Glucose-related traits have been extensively discussed as risk factors for gallstone disease in previous studies[11,12]. Yuan et al[24] validated the causal association between type 2 diabetes and gallstone disease [OR: 1.13 (95%CI: 1.09-1.17)] through the two-sample MR method, demonstrating its facilitating effectiveness. Considering that the foremost presence of pancreatic impairment in type 2 diabetes is the abnormal serum sugar-relevant level[75], fasting glucose and fasting insulin alike were embodied in our candidate mediators. However, none of the putative mediators were estimated to be definite mediators, which does not indicate a lack of the unimportance or necessity for taking precautions against diabetes-induced factors, which might concurrently promote gallstone shaping.

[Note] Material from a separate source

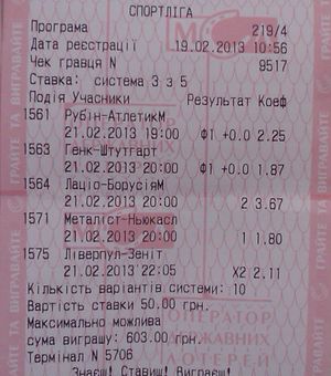 «Экспресс» - ставка на одновременный прогноз исходов нескольких независимых друг от друга событий. В таких случаях коэффициенты по исходам выбранным событий умножаются между собой, однако для выигрыша по ставке необходимо, чтобы ВСЕ прогнозы были правильно предсказаны. Если хотя бы один из них предсказан неверно, то ставка считается проигранной.
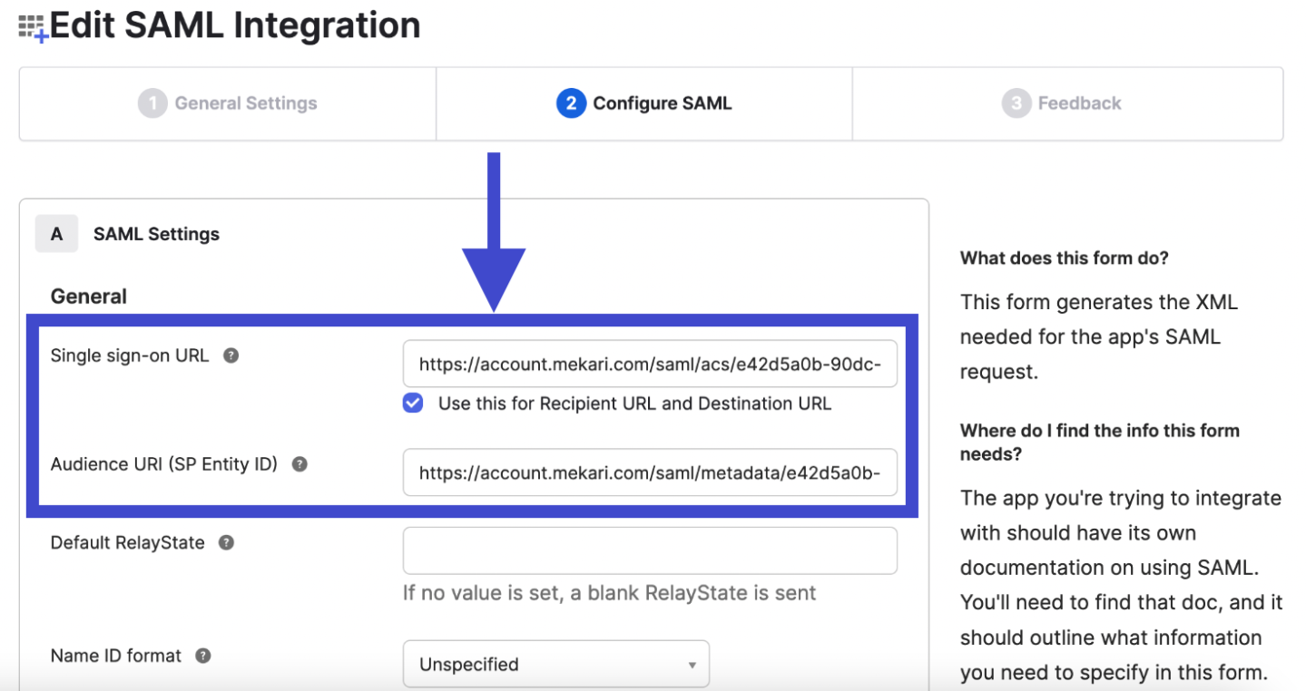 - Then you will be directed to the Configure SAML tab, where you can fill in the Single sign-on URL and Audience URL (SP Entity ID) with https://account.mekari.com/users/sign_in as a temporary placeholder.

In general, the major proportion of gallstones in the Western world are cholesterol gallstones, instead of pigment components. Surprisingly, serum lipid levels were excluded as mediators in our study, although hyperlipidemia has been illustrated to be involved in gallstone diseases, based on compelling observational studies[13,14,76,77]. To our knowledge, high LDL-C levels, high triglycerides levels, and high total cholesterol are the risk factors and high HDL-C is a protective factor against gallstones. Commonly, cholesterol gallstone formation is frequently the consequence of an imbalance of physical–chemical cholesterol solubility, contributing to a disturbance in biliary cholesterol homeostasis and promoting cholesterol crystallization and gallstone formation[78]. Despite lipid index not causally kicking in the education—gallstone pathway, approaches to maintain physiological-state serum lipid are steered to be emphasized, especially reducing high fat intake. More recently, smoking and alcohol consumption have been considered to accelerate gallstone formation, while coffee and tea intake might have adverse effects, but the precise mechanism has not been elucidated[15-17]. Moreover, socioeconomic factors are also involved in the development of gallstone disease, and notably, higher income individuals are less likely to suffer from gallstone disease[21]. Considering that the major proportion of GWAS statistics utilized in this study were extracted from European populations from high-education and high-income regions, the economic or educational disparity seems not too apparent, explaining to a certain extent why income did not play a mediating role.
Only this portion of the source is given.